Aha. Hmm. So I realized another interesting thing about the compose where this started failing: it's actually the first compose with a 5.6 kernel build in it. The previous successful compose, where this bug didn't happen, was Fedora-Rawhide-20200204.n.0. That compose had kernel-5.5.0-0.rc6.git3.1.fc32 in it. The compose where this bug first showed up, Fedora-Rawhide-20200207.n.2, has kernel-5.6.0-0.rc0.git5.1.fc32 in it. Now poking around in the kernel sources, if I've got this right, I believe there are two fairly significant commits that weren't in 5.5.0-0.rc6.git3.1.fc32 but *are* in 5.6.0-0.rc0.git5.1.fc32 - these ones: https://github.com/torvalds/linux/commit/78ed001d9e7106171e0ee761cd854137dd731302 https://github.com/torvalds/linux/commit/f3ee6e63a9df460963bc51a40891cd9b067404f3 those touch the 'cdrom_generic_command' struct that udev uses for doing SCSI commands, which is how this 'inquiry' stuff is done. See `scsi_cmd`, `scsi_cmd_init`, and `scsi_cmd_set` in systemd/src/udev/cdrom_id/cdrom_id.c . None of that code changed between systemd 244 and 245, so we likely aren't looking at a systemd change here, but the *kernel* did change. So, tentatively re-assigning to the kernel.
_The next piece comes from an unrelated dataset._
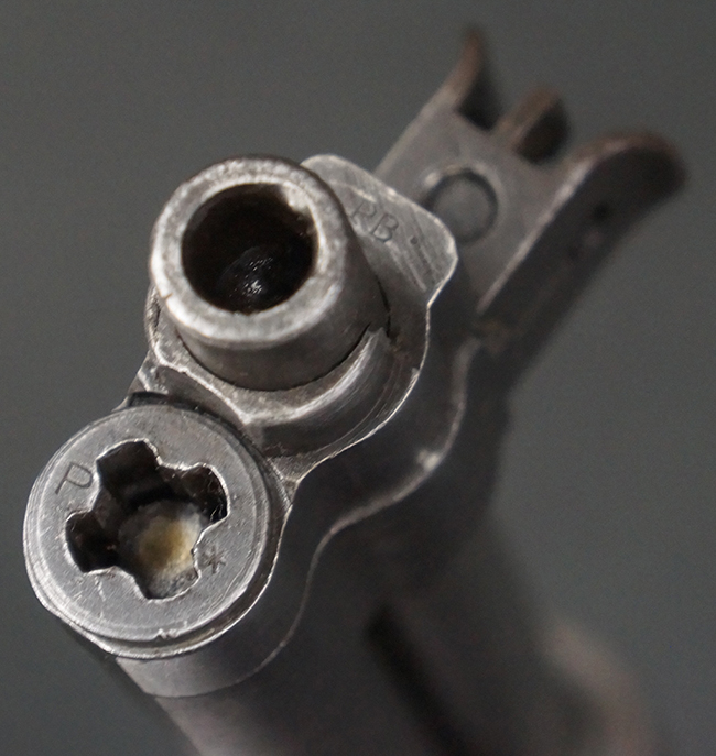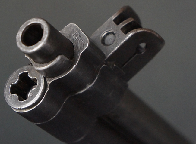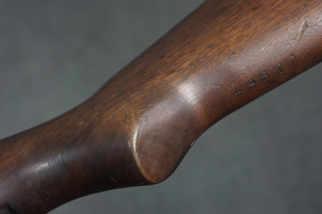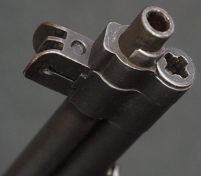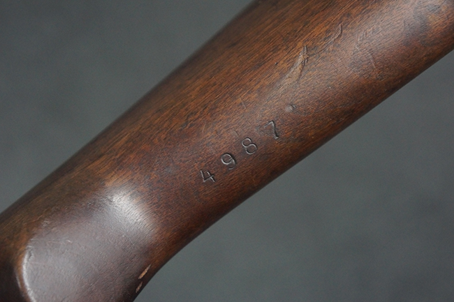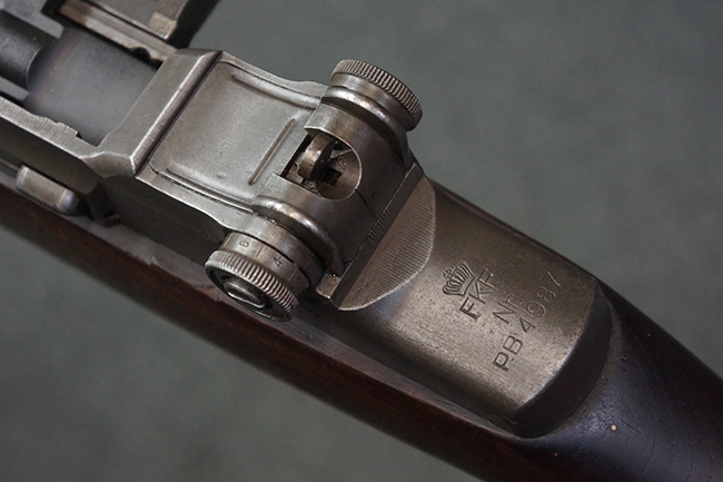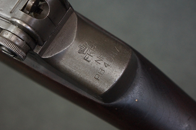 本品のレシーバー後部上面には王冠刻印及び「Forsvarets Krigsmateriel Forvaltning (国防軍需局)」を示すFKFの刻印が入っています。 また、シリアルNo.が「P.B.」から始まっており、機関部左側面には「BERETTA-ARMI ROMA-ITALIA」の刻印が入っている事から、本品の機関部がイタリアのベレッタ社で製造された事が判ります。 「PB」の刻印は銃身、フロント・サイト・ガード、リア・サイト、バット・プレート等各部に入っています。 シリアルNo.は機関部と銃床が4987でマッチしています。

I'll see if I can prove this a bit harder...
Adding Arnd Bergman (author of the commit that touches cdrom_generic_command) in case he has any insight here.
so yeah, I abused openQA a lil' bit to test this out. https://openqa.stg.fedoraproject.org/tests/overview?build=Kojitask-41390770-NOREPORT&version=31&groupid=2&distri=fedora is what happens when you tell openQA to test kernel-5.6.0-0.rc0.git5.1.fc32 on F31: that means it'll build an F31 installer image, but with kernel-5.6.0-0.rc0.git5.1.fc32 in it, so everything else is Very Old in Rawhide terms, but we have the new kernel. And what happens is...it fails exactly like in this bug: https://openqa.stg.fedoraproject.org/tests/719428 https://openqa.stg.fedoraproject.org/tests/719427 so, I'm relatively confident blaming the kernel at this point. Next I'll do an *actual* scratch build of the kernel but with those two patches reverted, to see if that works again.
OK, well, those two commits don't revert quite cleanly on master, and I didn't have time to rebase the reverts tonight, so if this isn't figured out by tomorrow I'll do it then.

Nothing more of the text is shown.